The Palestinian Authority was created by the Israeli Labor Party in 1994. The Labor Party believed that, with the breakup of the Soviet Union and America’s ringing defeat of Iraq in the Gulf War, radicalism had essentially become a losing proposition and the Palestinians knew they had no choice but to work out peaceful coexistence with Israel.
Since then the idea of Israeli-Palestinian peace has been an obsessive theme of international politics. For a time it also sharply divided Israel into two camps of believers and nonbelievers; today, after two decades of terrorism and rocket fire, all polls show that the nonbelievers are by far the dominant camp.
For those who bother to inform themselves about the Palestinian Arabs living in the West Bank and Gaza—their education, culture, politics, religion—the ongoing insistence of U.S. and European establishments that Israeli-Palestinian peace is the order of the day, with Israel as the party that stymies it, is surreal almost beyond belief.
Palestinian schools, media, and mosques entirely negate Israel’s legitimacy as a Jewish state, and systematically deny any Jewish connection to the Land of Israel and Jerusalem. They also honor and glorify Palestinian terrorists in every possible way, from stipends and ceremonies for living ones to the naming of streets, public squares, sporting events, and children’s camps after deceased terrorists. Glorification is especially lavished on those who killed large numbers of Israelis in mass attacks.
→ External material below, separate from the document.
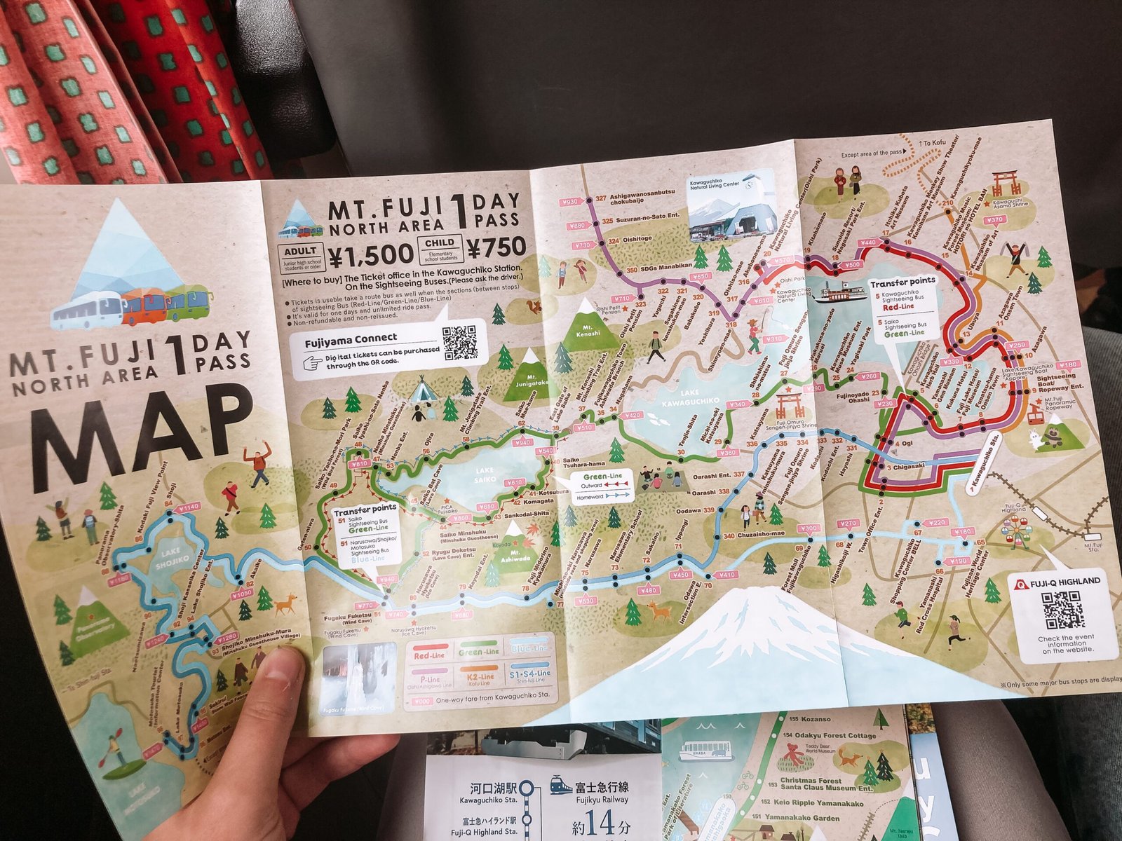 De rechtstreekse trein vanuit Tachikawa naar Kawaguchiko gaat ongeveer één keer per uur, dus het is slim om van tevoren de dienstregeling te checken en je treinreis goed te plannen. En als je zeker wilt zijn van een comfortabele zitplaats, raden we je echt aan om van tevoren een stoel te reserveren. Wij hebben ervan geleerd, maar gelukkig maakte het prachtige uitzicht op Mount Fuji bij aankomst alles weer helemaal goed!

For about six years, what used to be the unitary Palestinian Authority has been divided into what are essentially two entities—the remaining Palestinian Authority on the West Bank and Hamas-run Gaza. The latter is an Islamist statelet openly sworn to Israel’s destruction; the U.S. and even the European Union officially outlaw Hamas as a terrorist organization.
The Palestinian Authority, however, with its relatively secular Fatah leadership, continues to be regarded as a force for peace. The problem with that view is that it is an inversion of the truth.